A Romney adviser confirmed that his remark about “poisonous language” was referring to Fischer.

Although the candidates other than Romney were reluctant to address the issue of religious bigotry, some prominent conservatives were frank and outspoken. Gary Bauer, perhaps the most influential Christian conservative, told me late Saturday that Jeffress had made a fundamental error. “For years I have urged Christians to be active engaged citizens. Our country desperately needs more citizens who understand that our liberty comes from God and that only a virtuous people can be free.” He continued: “Picking a candidate for public office is not the same thing however as selecting a pastor or rabbi. Politics is about picking someone who shares your views on public policy. Millions of Americans who do not worship the same way as I do none the less agree with me on the sanctity of life, the definition of marriage, America’s role in the world and fiscal responsibility.” As for Romney in particular, Bauer had these words of counsel for his fellow conservatives: “The attacks on Gov. Romney’s faith this weekend will only bring comfort to the Obama political machine and their radical secular allies who oppose virtually everything evangelicals and Mormons believe.”

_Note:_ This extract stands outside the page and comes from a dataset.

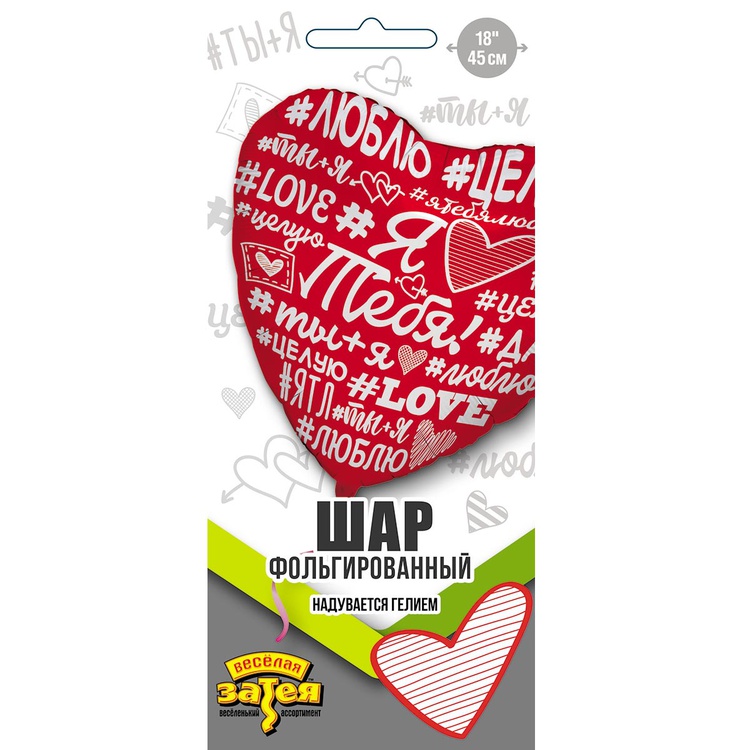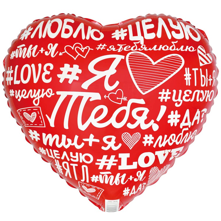 Фольгированный шар-сердце «Я Тебя Люблю. Хештеги», 46 см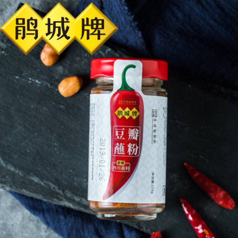 鹃城牌豆瓣蘸粉采用一级郫县豆瓣结合现代食品加工技术,将郫县豆瓣磨成粉,再配比辣椒、开发的即食新产品,酱香醇厚,辣而不燥。可用于烧烤、火锅、卤菜、串串、凉菜蘸食等。

Professor Robert George, a conservative legal and cultural scholar who previously moderated a candidate forum in South Carolina, had a similar reaction. He told me, “This late in the season of our experience, we should know that what matters is not a candidate’s religious affiliation, but rather the depth of his or her understanding of the “self-evident truths” at the foundation of our republic, and the strength of his or her commitment to honor those truths in governing. It doesn’t matter whether a candidate is a Protestant or a Catholic, a Mormon or Muslim or Jew.” Instead he said, “What we need to know is whether he or she possesses wisdom, vision, integrity, and courage. We need to ask whether he or she will protect the security of the nation and, from conviction, honor the principles of limited government, the rule of law, republican democracy, private property and the market economy, equality of opportunity, respect for civil liberties and personal responsibility, the sanctity of human life in all stages and conditions, and the integrity and autonomy of core nongovernmental institutions on which the health of civil society (and, to a large extent, the care of those in need) vitally depends, beginning with the marriage-based family and communities of religious faith.”

So we have here a contrast between moral leadership (by Bennett, Bauer, and George), on one hand, and timidity, on the other. Not only was Perry AWOL in denouncing Jeffress, but some of his prominent supporters (Govs. Bobby Jindal and Brian Sandoval) ignored requests for comment. (That might not sit well with Sandoval’s numerous Mormon constituents.) Another Perry backer Henry Barbour would only say to me via email, “I don’t think we need a religious litmus test for someone to serve as President.” And Cain’s campaign likewise ducked the issue entirely when I asked for reaction. To put it mildly, in this instance many conservative leaders showed courage while Republican pols demonstrated a shameful lack of moral leadership.